[Saved data entries]
□ □ □

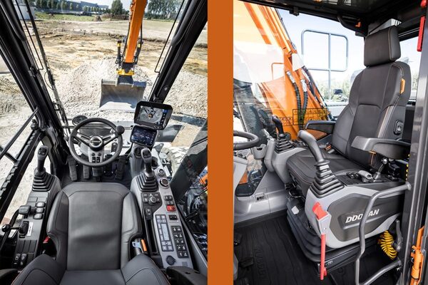 Istuin on ilmajousitettu ja lämmityksellä varustettu. Jäähdytyksenkin siihen saa, mutta sen Doosan luettelee lisävarusteeksi. Tuulilasinpyyhkimet toimivat yhdensuuntaisina ja jalkapolkimet on uudelleen muotoiltu. Edelleen Doosan kertoo parantaneensa ilman kiertoa ohjaamossa, jolloin esimerkiksi huurteenpoiston laseista luvataan olevan nopeampaa kuin ennen.
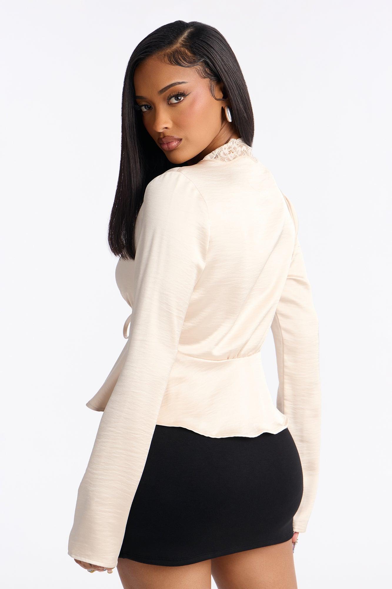 Got That Glow Lace Trim Satin Flyaway Top - Champagne Female
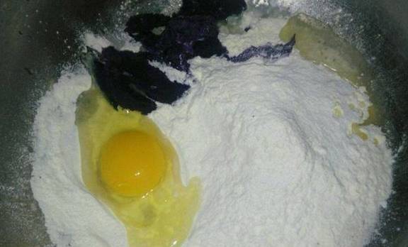 中筋面粉260克,水50克,雞蛋2個,鹽1克,玉米油25克,糖45克,泡打粉2克,小蘇打1克
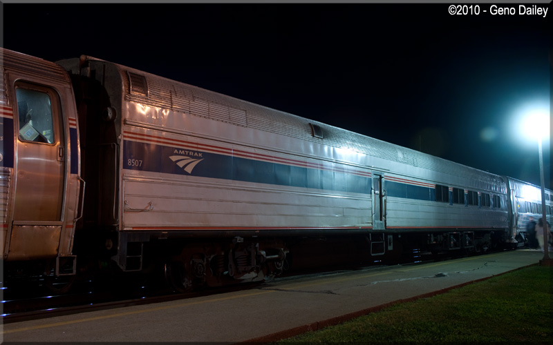 This car was originally built in 1957 by Budd for the Northern Pacific Railway's North Coast Hiawatha and conveyed to Amtrak in 1971. Amtrak renumbered the car 8049 and in March 1980 converted it from Steam Heat to HEP and renumbered it 8507. The car operates today as a Heritage Diner with the full Temoinsa Rebuild interior. This was an experimental night photo I took of the car in the consist of the Lake Shore Limited. Historical Information about this car provided by www.amtrakbythenumbers.com.
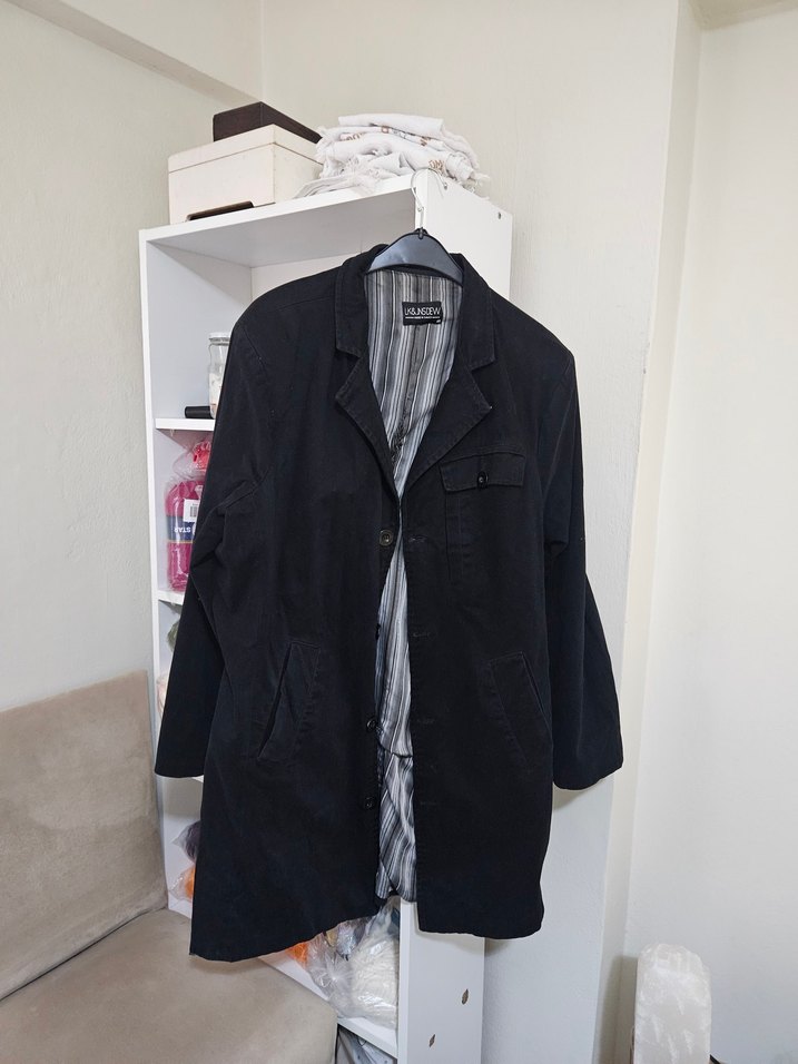 Siyah keten kumaştan yapılmış, düğmeli erkek ceket. Notlu yaka, normal uzunluk ve regular fit ile ofis ve günlük kullanım için uygun.
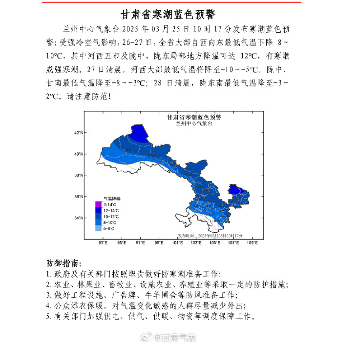 【甘肃省寒潮蓝色预警】
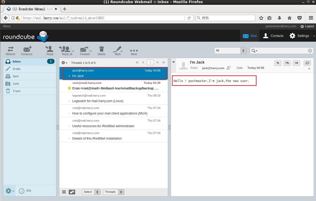 进入postmaster的用户界面,可以发现已经收到了来自jack的邮件
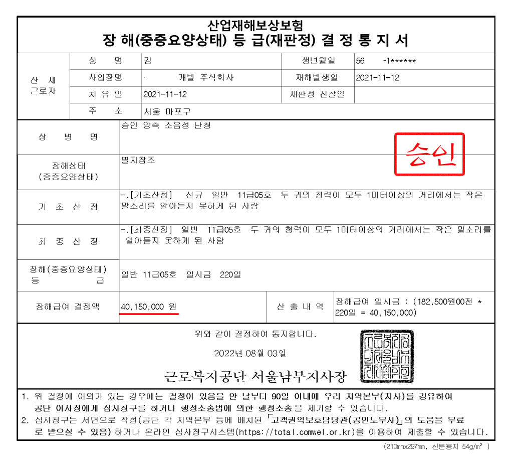 건설현장에서 형틀목공으로 30여년간 근무한 근로자의 소음성 난청에 대해 ‘승인 ‘받은 사례입니다.
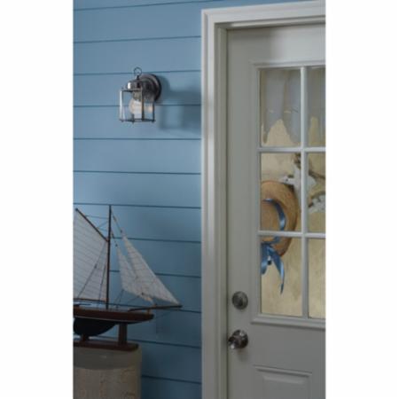 The petite proportions and transitional accents of the New Castle outdoor lighting collection by Sea Gull Lighting make these one-light outdoor wall lanterns a versatile selection for your home. Offered in white, polished brass, antique brushed nickel, antique bronze and black finishes, in either satin etched or clear glass. Clear bulbs are recommended to use for the best aesthetics for the clear glass fixtures. Both incandescent lamping and energy star-qualified LED lamping options are available for those fixtures with the satin etched glass. And the clear glass fixtures can easily convert to LED by purchasing LED replacement lamps sold separately.
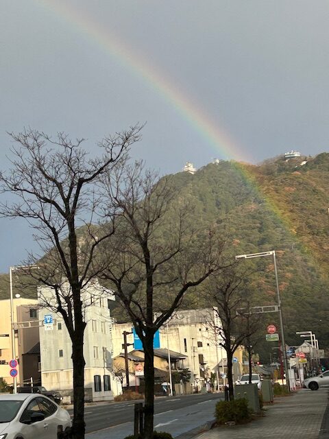 信長が棲んだ岐阜城と虹のコラボレーションに遭遇。
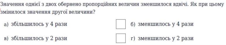 Якщо одна з обернено пропорційних величин зменшилася вдвічі, то інша величина збільшилася у 2 рази. Таким чином:
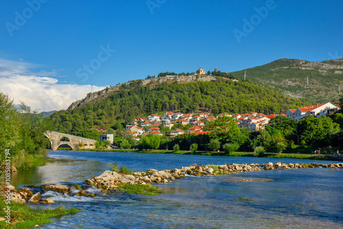 church, architecture, travel, bridge, view, landscape, hill, tour tourism, bosnia, monastery, culture, summer, city, landmark, outdoors, europa, building, orthodox, attraction, religion, river, historic, holiday maker, nature, ancient, christianity, heritage, faith, vacation, trip, bosnia, temple, herzegovina, history, old, mediterranean, city landscape, journey, mountain, climate, hiking, vinery
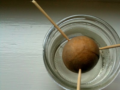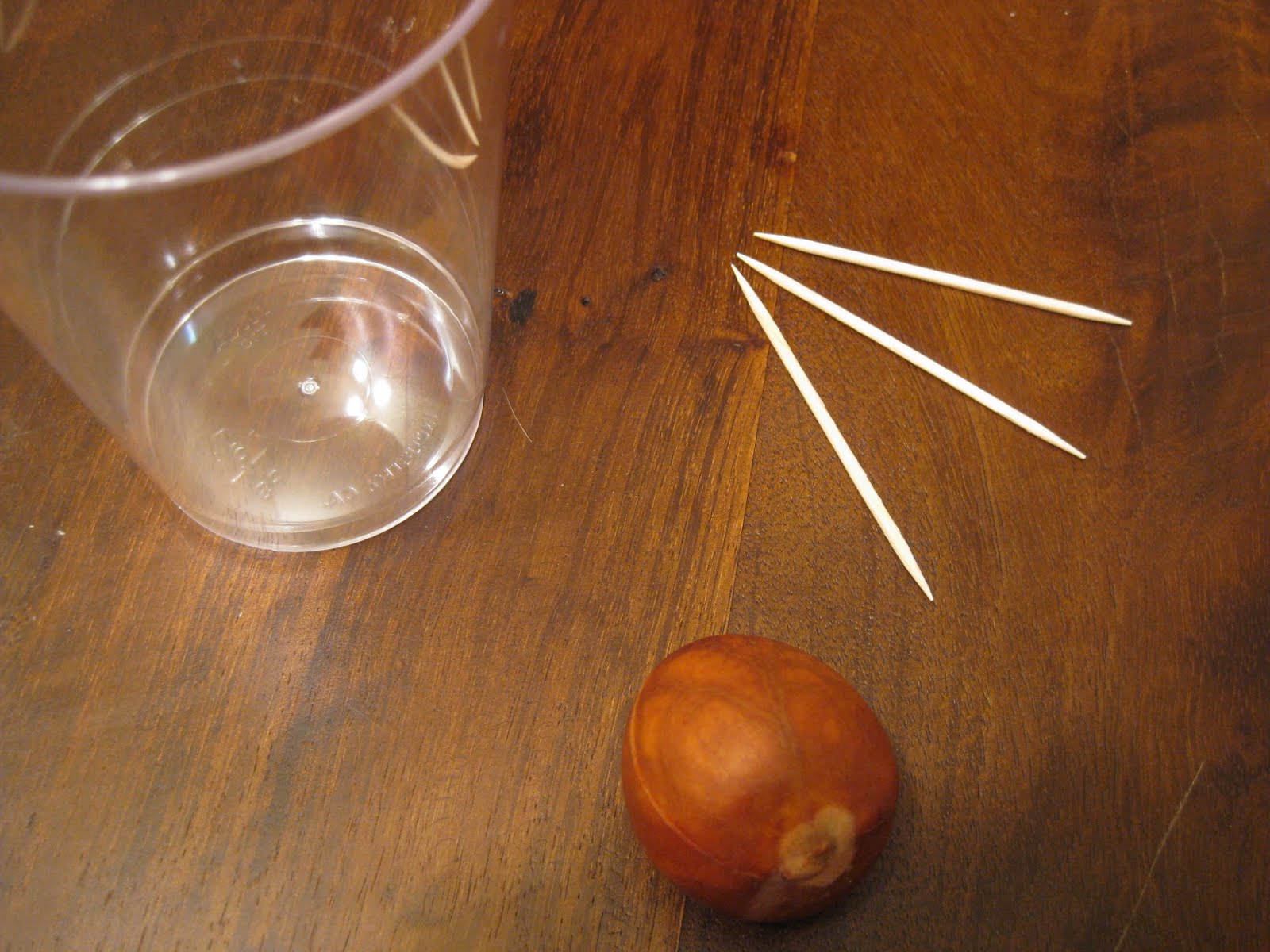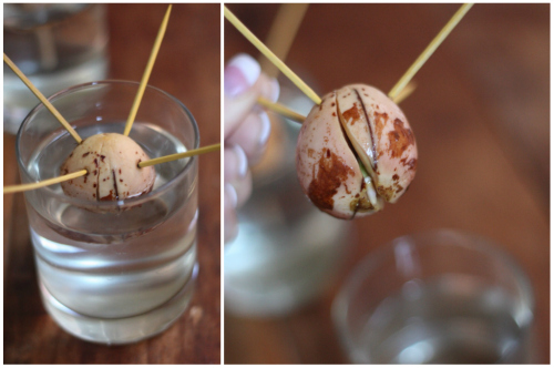 You will need a clear avocado pit along with 4 tooth picks and a half filled glass of water.
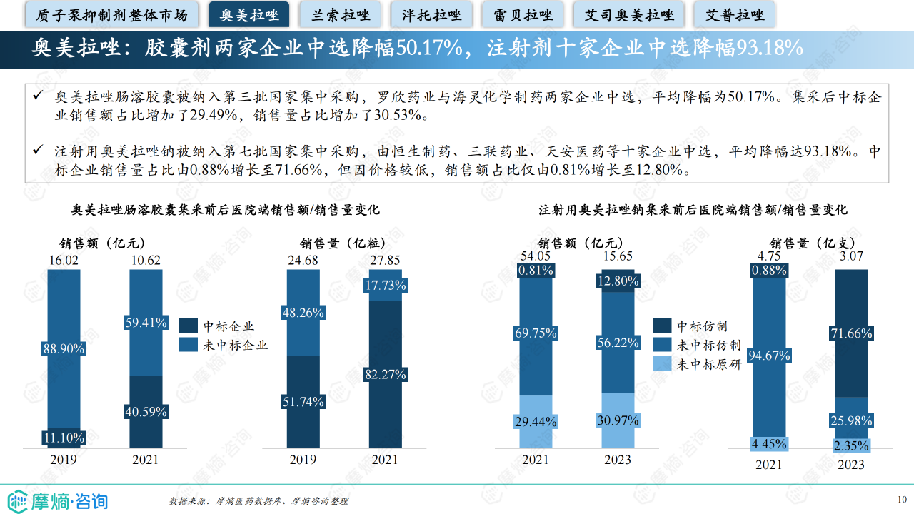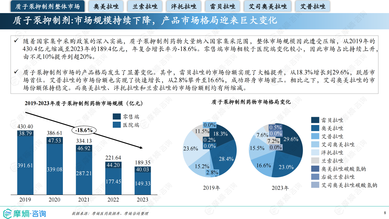 本报告基于摩熵咨询2024年11月发布的《市场研究专题报告十九 质子泵抑制剂》进行分析,重点关注质子泵抑制剂(PPI)市场竞争格局及市场趋势。报告数据主要来源于摩熵医药数据库,并结合GBD数据进行补充。报告指出,在国家集中采购政策影响下,PPI市场规模持续下降,但市场竞争格局发生显著变化,部分产品市场份额大幅提升。
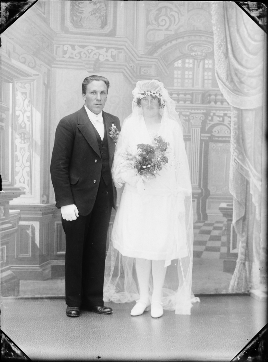Ateljéporträtt - brudparet Karlsson från Harg socken, Uppland 1929
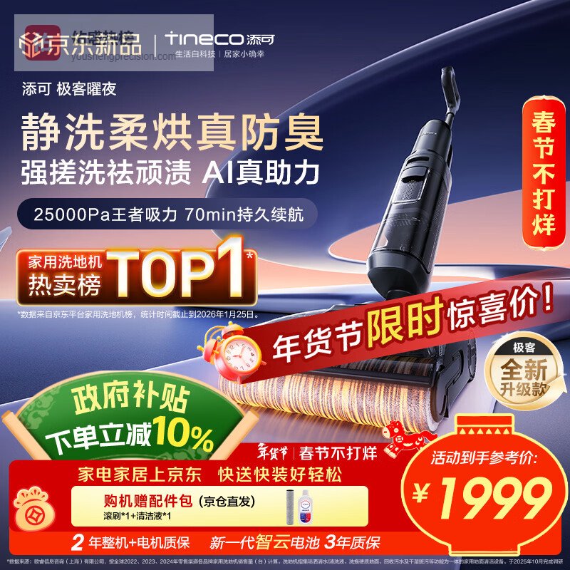 【京东自营】添可极客曜夜【AI真助力25Kpa暴风吸】祛顽渍防臭0缠毛躺平洗地机吸拖一体自动清洗扫地¥
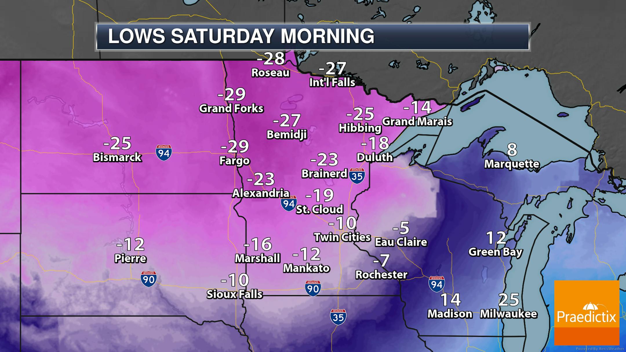 This is not how many want to start the new year, but 2022 is coming in COLD. By Saturday morning, air temperatures will be around -10F in the metro, but in the -20s as you head into northern Minnesota. Some areas could even approach -30F.
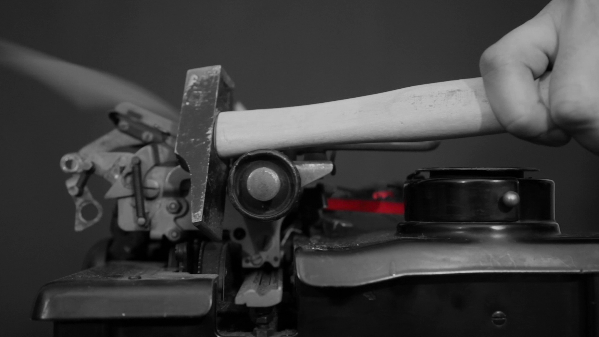 The black and white video depicts a man whose face remains concealed as he strikes a typewriter with two hammers. Only the typewriter’s ribbon bears a brilliant red the color of blood; a collision of the written sentence’s beauty and the violence and difficulty of its creation.
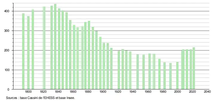 L'évolution du nombre d'habitants est connue à travers les recensements de la population effectués dans la commune depuis 1793. Pour les communes de moins de 10 000 habitants, une enquête de recensement portant sur toute la population est réalisée tous les cinq ans, les populations légales des années intermédiaires étant quant à elles estimées par interpolation ou extrapolation[20]. Pour la commune, le premier recensement exhaustif entrant dans le cadre du nouveau dispositif a été réalisé en 2007[21].
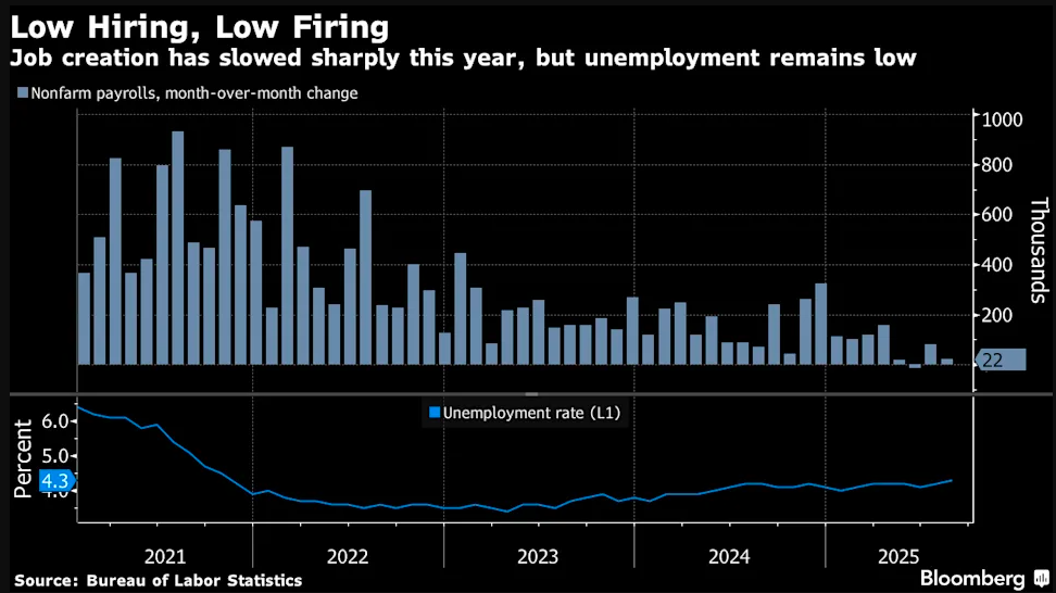 今年前八个月,美联储政策制定者曾一直保持按兵不动,以等待评估关税及其他政策调整对经济的影响。今年夏季招聘大幅放缓后,官员们于9月决定将基准利率下调25个基点。在当月发布的点阵图中,他们预测年底前还将再降息两次。
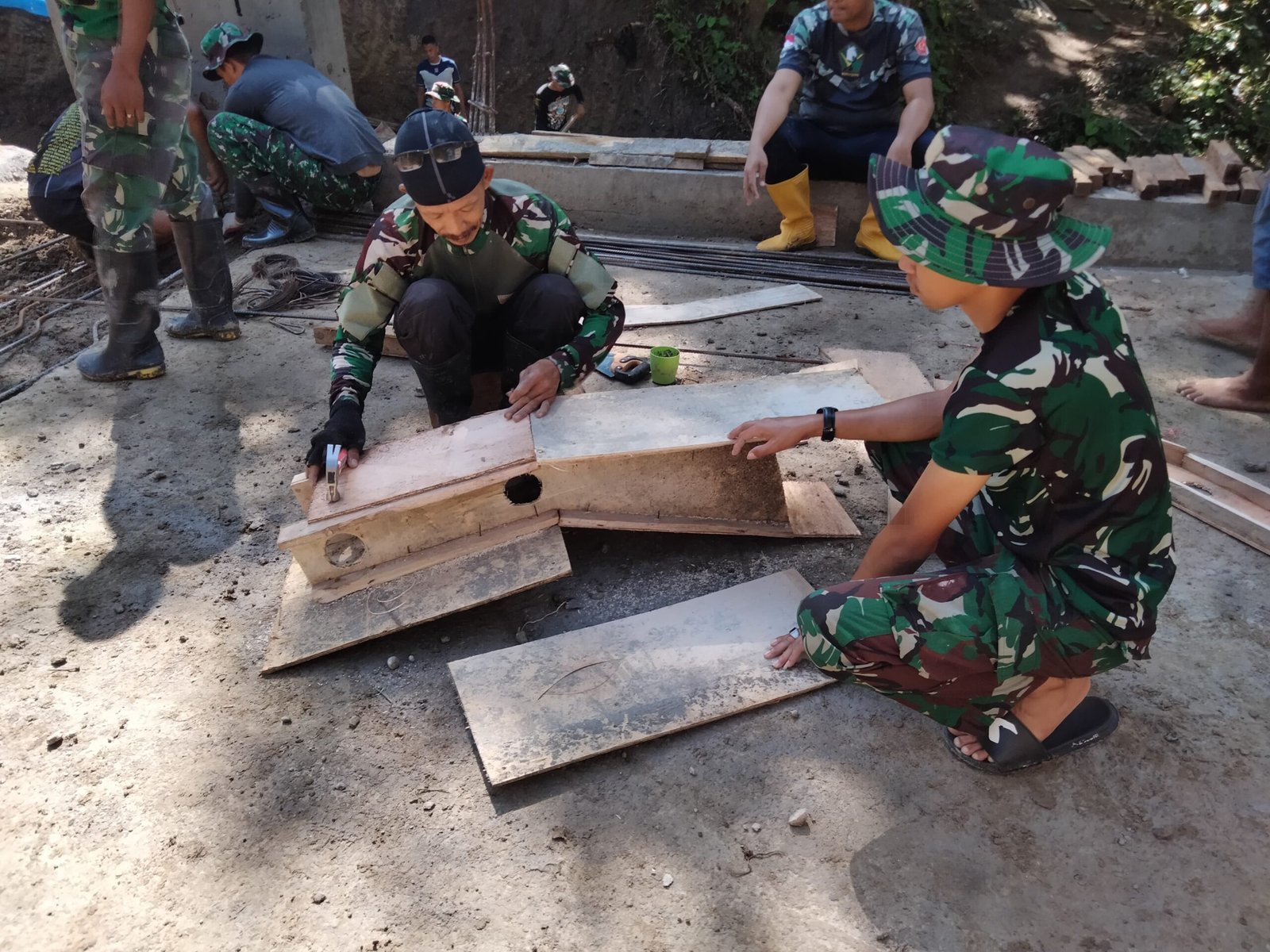 Pengerjaan ini dilakukan secara gotong royong oleh anggota Satgas TMMD bersama warga setempat. Mereka bahu-membahu menyiapkan papan, memotong, dan merakitnya sesuai ukuran yang dibutuhkan sebelum akhirnya dipasang di sisi jembatan sebagai cetakan.

□ □ □

**Directions**
Reproduce only the lines from the first line of the entries through the line containing "건설현장에서 형틀목공으로 30여년간", exactly and with both ends kept. Omit the pictures.

**Solution to this exercise**
 Istuin on ilmajousitettu ja lämmityksellä varustettu. Jäähdytyksenkin siihen saa, mutta sen Doosan luettelee lisävarusteeksi. Tuulilasinpyyhkimet toimivat yhdensuuntaisina ja jalkapolkimet on uudelleen muotoiltu. Edelleen Doosan kertoo parantaneensa ilman kiertoa ohjaamossa, jolloin esimerkiksi huurteenpoiston laseista luvataan olevan nopeampaa kuin ennen.
 Got That Glow Lace Trim Satin Flyaway Top - Champagne Female
 中筋面粉260克,水50克,雞蛋2個,鹽1克,玉米油25克,糖45克,泡打粉2克,小蘇打1克
 This car was originally built in 1957 by Budd for the Northern Pacific Railway's North Coast Hiawatha and conveyed to Amtrak in 1971. Amtrak renumbered the car 8049 and in March 1980 converted it from Steam Heat to HEP and renumbered it 8507. The car operates today as a Heritage Diner with the full Temoinsa Rebuild interior. This was an experimental night photo I took of the car in the consist of the Lake Shore Limited. Historical Information about this car provided by www.amtrakbythenumbers.com.
 Siyah keten kumaştan yapılmış, düğmeli erkek ceket. Notlu yaka, normal uzunluk ve regular fit ile ofis ve günlük kullanım için uygun.
 【甘肃省寒潮蓝色预警】
 进入postmaster的用户界面,可以发现已经收到了来自jack的邮件
 건설현장에서 형틀목공으로 30여년간 근무한 근로자의 소음성 난청에 대해 ‘승인 ‘받은 사례입니다.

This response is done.